Palabras clave: glucosa alterada en ayuno, índice triglicéridos-colesterol HDL, sobrepeso, obesidad, resistencia a la insulina, síndrome metabólico.

Abstract
Background: Currently within the scientific health research it has been established the importance of early identification and prevention of cardiovascular and metabolic entities. According to the pathophysiology of diabetes mellitus 2, this is a late submission of events that can be associated with metabolic syndrome, pathological condition related to insulin resistance and hyperinsulinemia which presents a high risk of developing type 2 diabetes mellitus and atherosclerotic cardiovascular disease. Various diagnostic criteria have been established for metabolic syndrome, with modifications according to the type of population studied. These criteria include obesity, waist circumference, dyslipidemia, hyperglycemia and hypertension. Both the concentrations of HDLcholesterol (HDL-C) and triglyceride (TG) levels were independently associated with insulin sensitivity. Recently described the relationship between serum triglycerides (TG) and high density cholesterol (HDL-C) as marker comparable of insulin resistance, with the advantage of being simple, readily available tool. It’s necessary to establish parameters in order to identify in a timely and accessible way people whom are in early stages of insulin resistance, to make medical interventions and modify their prognosis. Thus, the triglycerides/HDL cholesterol (TG/ HDL-C) ratio applied to patients who are suspected to have insulin resistancet would be useful in our population.
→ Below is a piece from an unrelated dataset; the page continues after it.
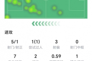 賽后技術(shù)統(tǒng)計(jì)數(shù)據(jù)顯示,加克波本場(chǎng)比賽5射1正,1次錯(cuò)失進(jìn)球,4次地面對(duì)抗3次成功,3次爭(zhēng)頂成功1次,獲評(píng)6.9分。

Objective: To determine the association between triglyceride/HDLcholesterol ratio (TG/HDL-C) and impaired fasting glucose in obese and overweight patients with normal blood pressure.

Material and method: A cross-sectional, descriptive, observational, and prolective study was done with a sample of 68 participants, 50% of these showed impaired fasting glucose while remaining 50% showed normal glucose, all patients were normotensive, obese or overweight and serum fasting glucose, triglycerides and total cholesterol, HDL and LDL were determined. Descriptive statistics were used to characterize the population. The inferential statistical analysis was performed using tests of association (odds ratio) and x2 for dichotomous qualitative variables. Also p was calculated using T-test for continuous quantitative variables. It was considered a statistically significant difference with p <0.05.

Results: Of 68 patients, 48 were male. The average age was 41.13±11.70 years. Most patients (n=42) had elevated TG/HDL-C ratio. Were contrasted the independent variable (TG/HDL-C ratio) and dependent variable (impaired fasting glucose), finding a higher proportion of impaired fasting glucose in the group of patients with high TG/HDL-C. Assessment of association was made between TG/HDL-CL ratio (elevated or not) and impaired fasting glucose (present or absent) using the x2 test which gave a value of 3.98 and a value of p=.046.

Conclusions: It was found a statistically significant association between the high TG/HDL-C ratio and the presence of impaired fasting glucose with a value of p<.05, which was confirmed through odds ratio: OR=2.77 (95% CI 1.006, 7.673), concluding that the TG/HDL-C ratio is high risk factor for having impaired fasting glucose.

Keywords: impaired fasting glucose, triglycerides/HDL cholesterol index, overweight, obesity, insulin resistance, metabolic syndrome.